Next Edge taking first step into liquid-alt space

Proposed merger will open up broader investable universe as firm bares plans for alternative mutual-fund lineup

Next Edge taking first step into liquid-alt space

Next Edge Capital Corp. is embarking on the next phase of enhancements to its investment fund platform with a proposal to create a new alternative mutual fund.

Pending unitholder and regulatory approvals, the firm is seeking to merge its Next Edge Bio-Tech Plus Fund into a new liquid-alt fund. If approved, the merger into the new Next Edge Biotech and Life Sciences Opportunities Fund is anticipated to take effect on or about December 18, 2020 – and would mark Next Edge’s first step into Canada’s liquid-alternative space.

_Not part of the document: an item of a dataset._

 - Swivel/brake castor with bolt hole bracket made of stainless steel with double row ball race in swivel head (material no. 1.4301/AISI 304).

“We are excited to launch our new product line of alternative mutual funds to the Canadian marketplace,” said Robert Anton, managing director at Next Edge. “The Next Edge Biotech and Life Sciences Opportunities Fund will be the first offering in this new product line and we look to bring other new and innovative investment products to Canadian investors in the near future.

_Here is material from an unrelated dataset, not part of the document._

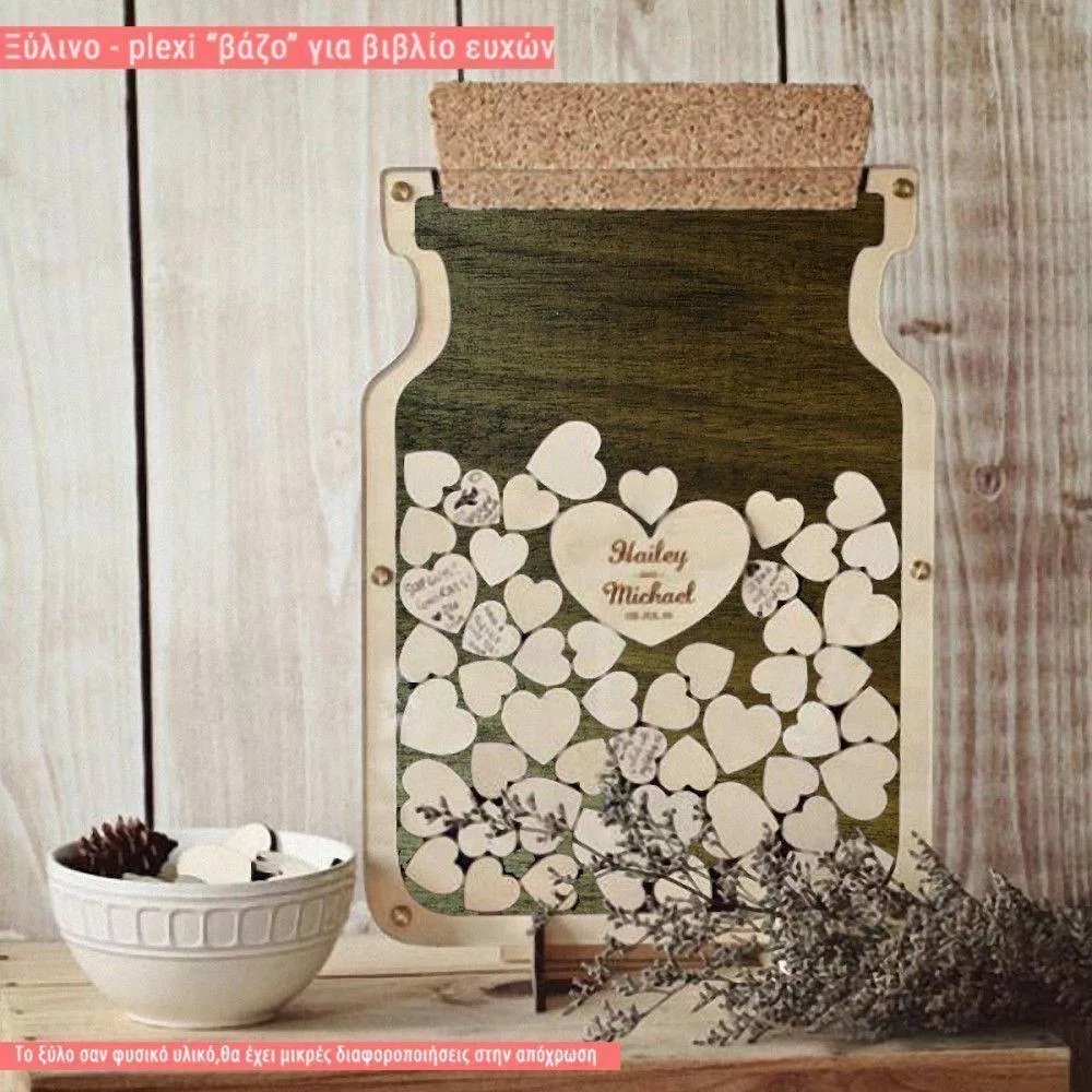 Wooden wishes board Vase with hearts

A preliminary simplified prospectus for the new fund, along with a preliminary annual information form and preliminary fund facts, has been filed with Canadian securities regulatory authorities. Final versions of the documents will be filed with the regulatory authorities prior to the effective date of the merger.

The merger is proposed to be implemented on a taxable basis, which would therefore have potential tax consequences for unitholders of the terminating Next Edge Bio-Tech Plus Fund. If it is approved, unitholders of the terminating fund will receive units of the continuing fund based on the applicable NAV per unit.

Following the merger, automatic distribution reinvestment plans and other optional services that had been established with respect to the terminating fund will be carried on with respect to the new fund.

“We look forward to having a broader investable universe than we are currently afforded and having access to additional investment opportunities, increased liquidity and greater flexibility when making investment decisions that being an ‘alternative mutual fund’ under NI 81-102 affords us and that are not permitted for conventional mutual funds,” said Eden Rahim, portfolio manager of the Biotech and Life Sciences Opportunities Fund.